AI Technical Summary

Benefits of technology

[0009]In view of the shortcomings of the prior art, it is a primary objective of the present invention to provide a drug carrier with high biocompatibility and thermosensitivity circulated in human body for a long time and the effect of a highly sensitive NMR contrast agent. Meanwhile, the manufacturing method thereof does not require any chemical crosslinking agent and can prepare a stable drug carrier by a simple and easy manufacturing process and reduce the natural drug leakage to a level approaching zero during a drug delivery. Therefore, the problem of the conventional drug release system failing to control the local release of drug via external energy can be overcome.
[0010]To achieve the aforementioned objective, the present invention provides a drug carrier, comprising a nano-magnetic particle, a drug and a composite polymer. The nano-magnetic particle and the drug are encapsulated in the composite polymer. The composite polymer is made of a water-soluble polymer (such as poly vinyl alcohol, PVA) and a thermosensitive copolymer (such as poly(ethylene oxide)-poly(propylene oxide)-poly(ethylene oxide) triblock copolymer, which can be Pluronic F68 or Pluronic F127) through self-assembly and hydrogen bonds.
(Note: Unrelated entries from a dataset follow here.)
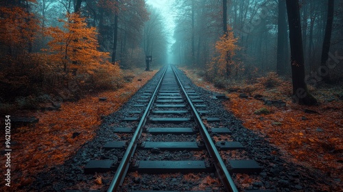Naklejka premium Train Tracks Leading into a Misty Forest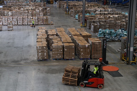11月8日,工作人員在比利時列日省格拉斯-奧洛涅的菜鳥列日數(shù)字物流中樞工作。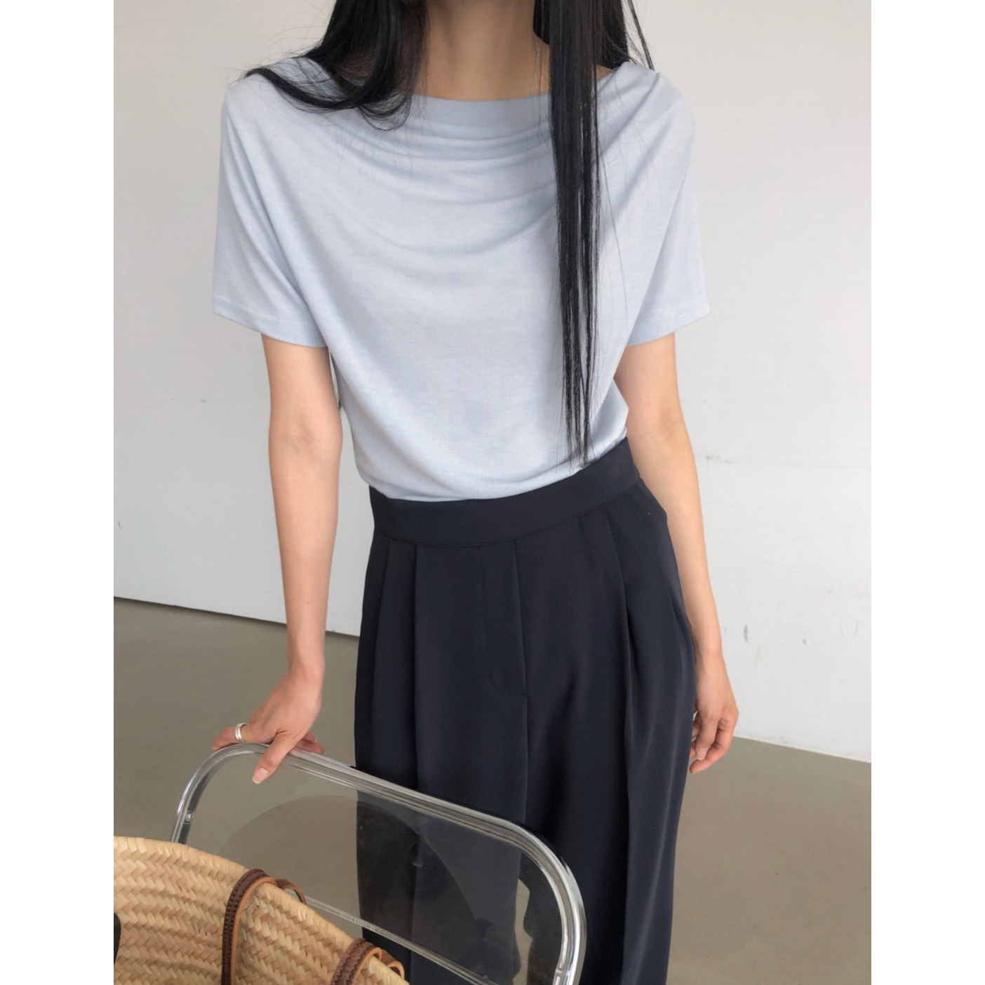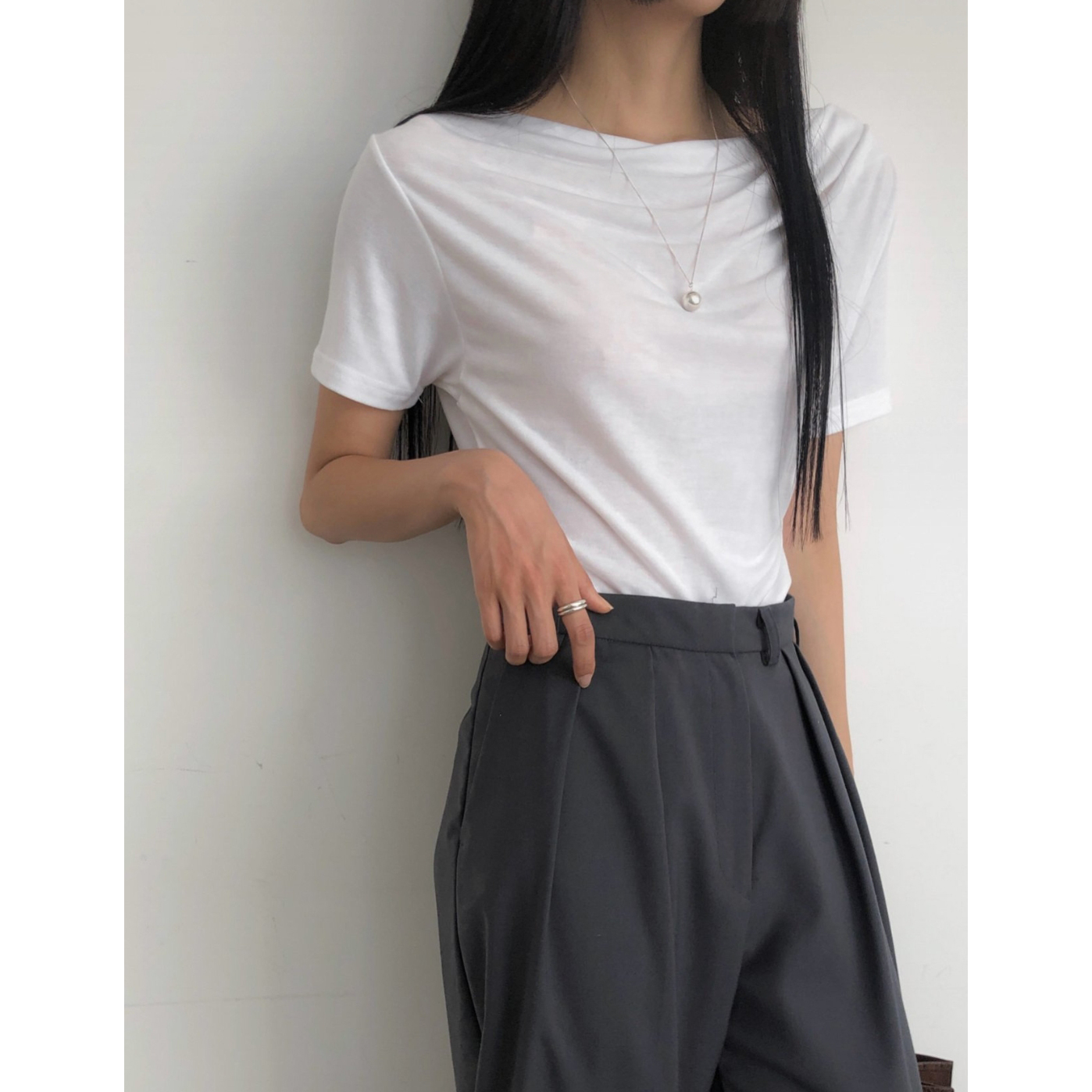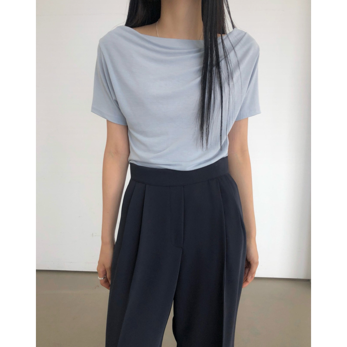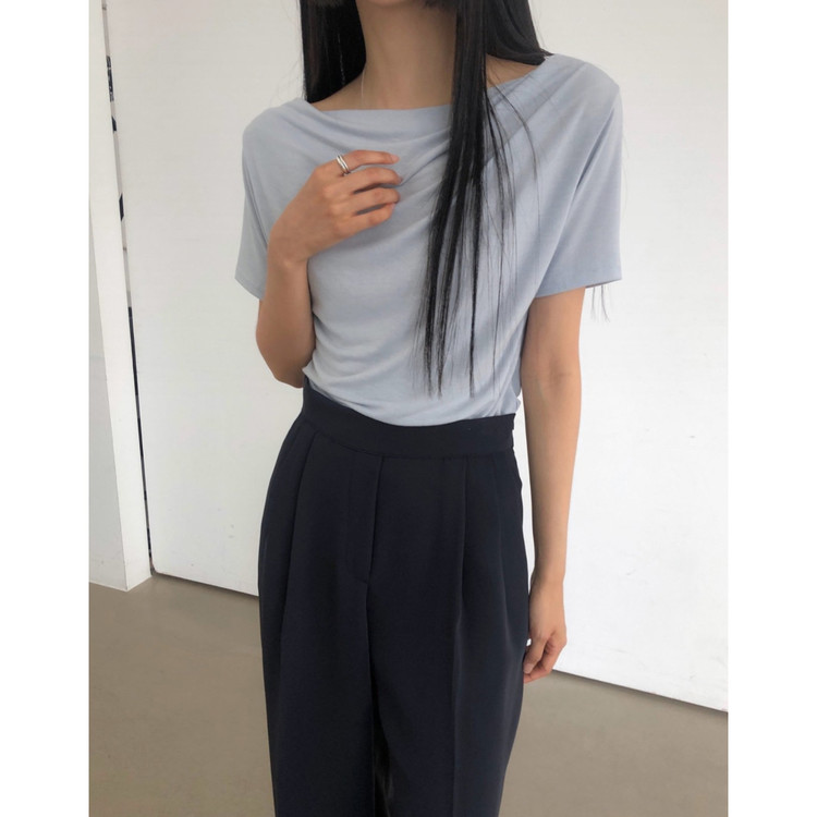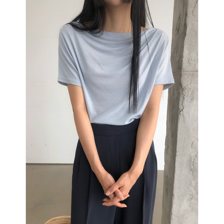 드레이프 셔링 보트넥 오프숄더 반팔티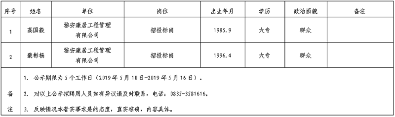雅安交建集團(tuán)子公司擬聘用人員公示(康居公司)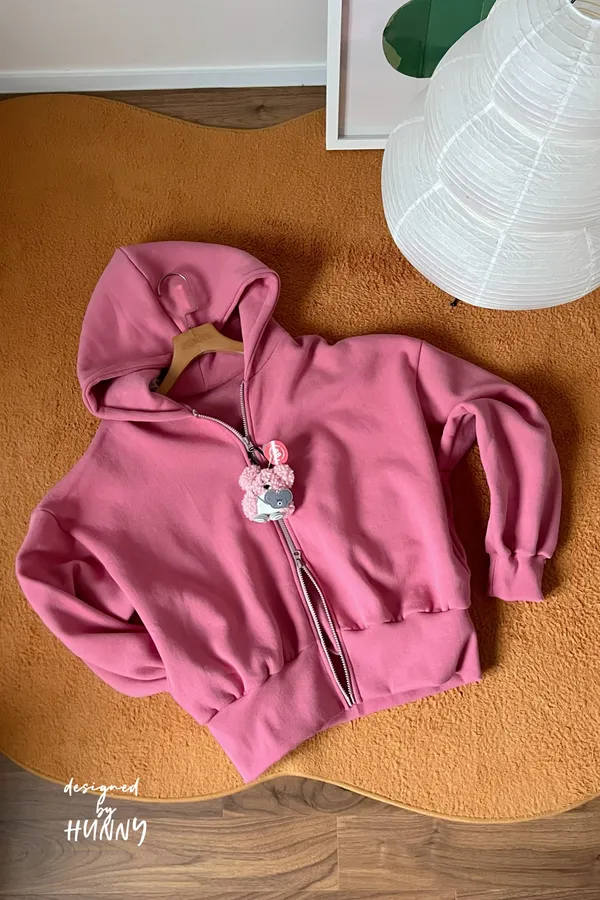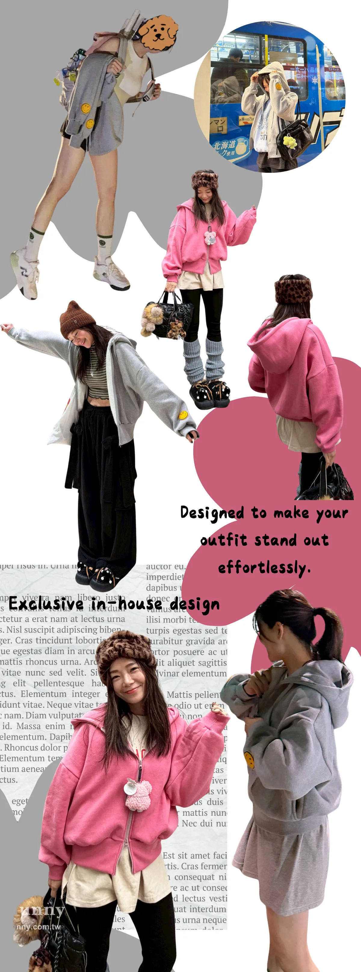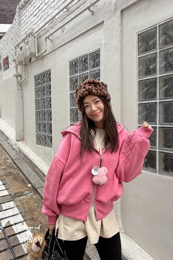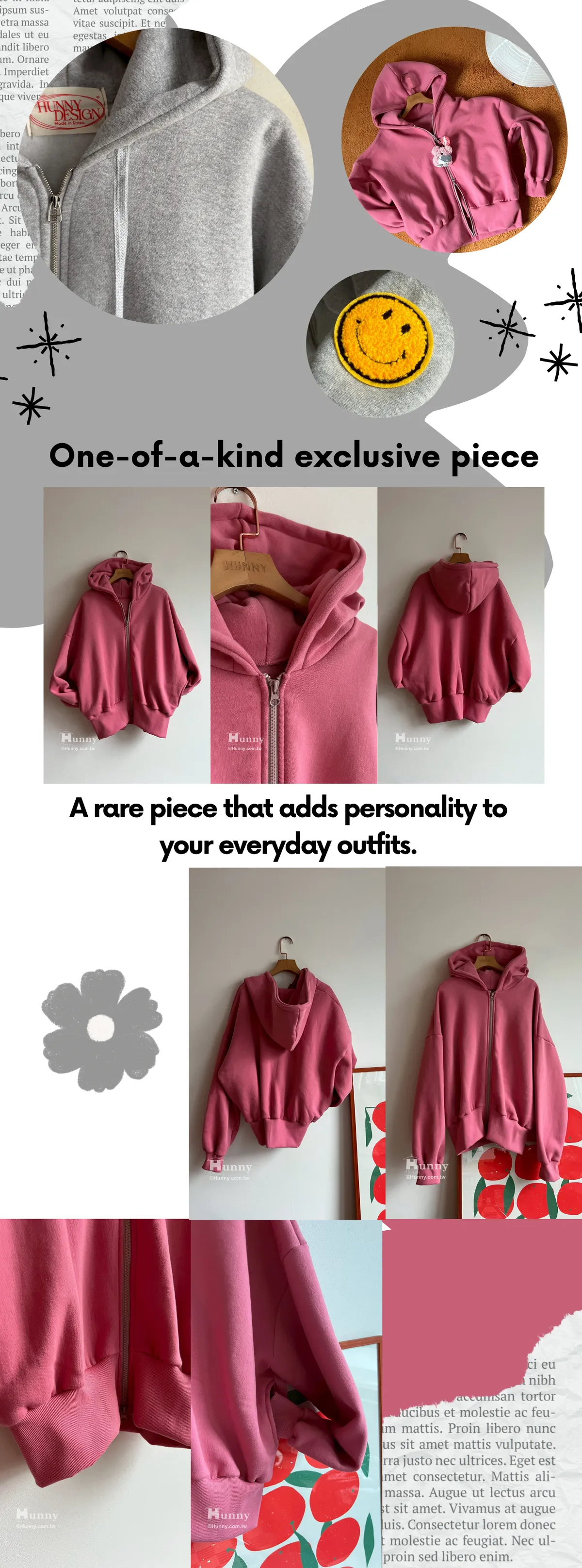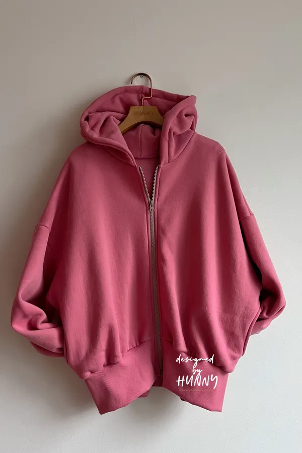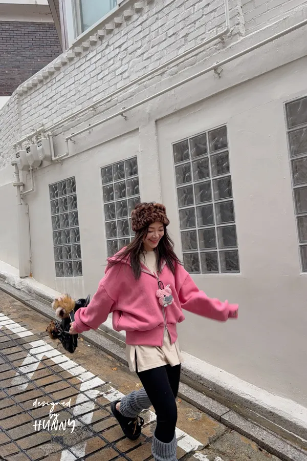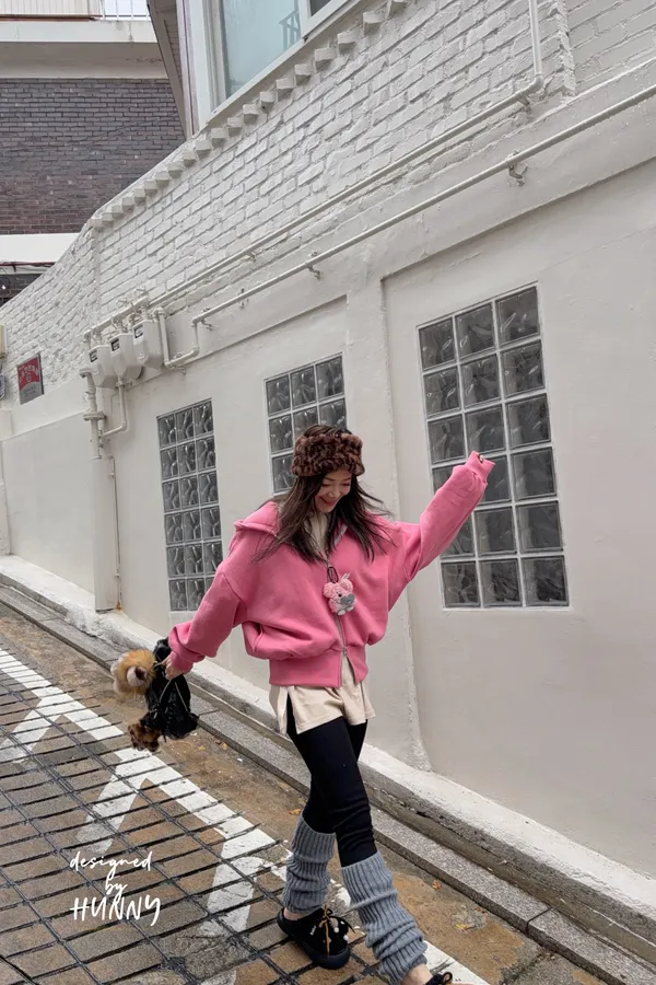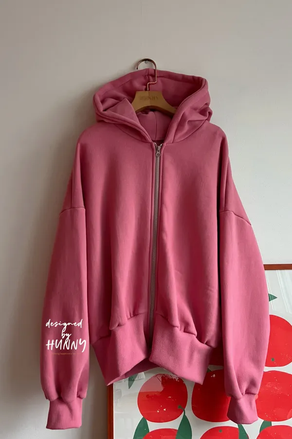 hunny788 世界唯一雙拉鏈厚棉刷毛連帽魟魚外 黑/蜜桃粉/灰

An external magnetic field is applied, such that the temperature of the nano-magnetic particle rises up to a predetermined temperature range (about 37-50° C.) to give rise to a volume change of the drug carrier, a structural change or a destruction of the drug carrier, so as to continuously and slowly or quickly release the drug encapsulated in the composite polymer.
[0015]The drug carrier with thermal sensitivity, the manufacturing method thereof, and the use thereof have one or more of the following advantages.
[0016](1) The shell made of an inorganic material is covered onto the surface of the drug carrier of the present invention, so that the effect of reducing drug leakage can be achieved before the drug encapsulated into the drug carrier arrives at a target position.
[0017](2) The composite polymer of the present invention is made of a water-soluble polymer (such as poly vinyl alcohol) and a thermosensitive copolymer (such as Pluronic F68 or F127) in a specific proportion by a self-assembly without using any chemical crosslinking agent, so that the drug carrier of the present invention features a low toxicity.
[0019](4) When the external magnetic field is applied, the temperature of the drug carrier of the present invention increases to 40-47° C. This will cause the drug carrier of the present invention to contract quickly, and the size thereof is reduced up to approximately 10 fold to give rise to a volume change of approximate 1000 fold.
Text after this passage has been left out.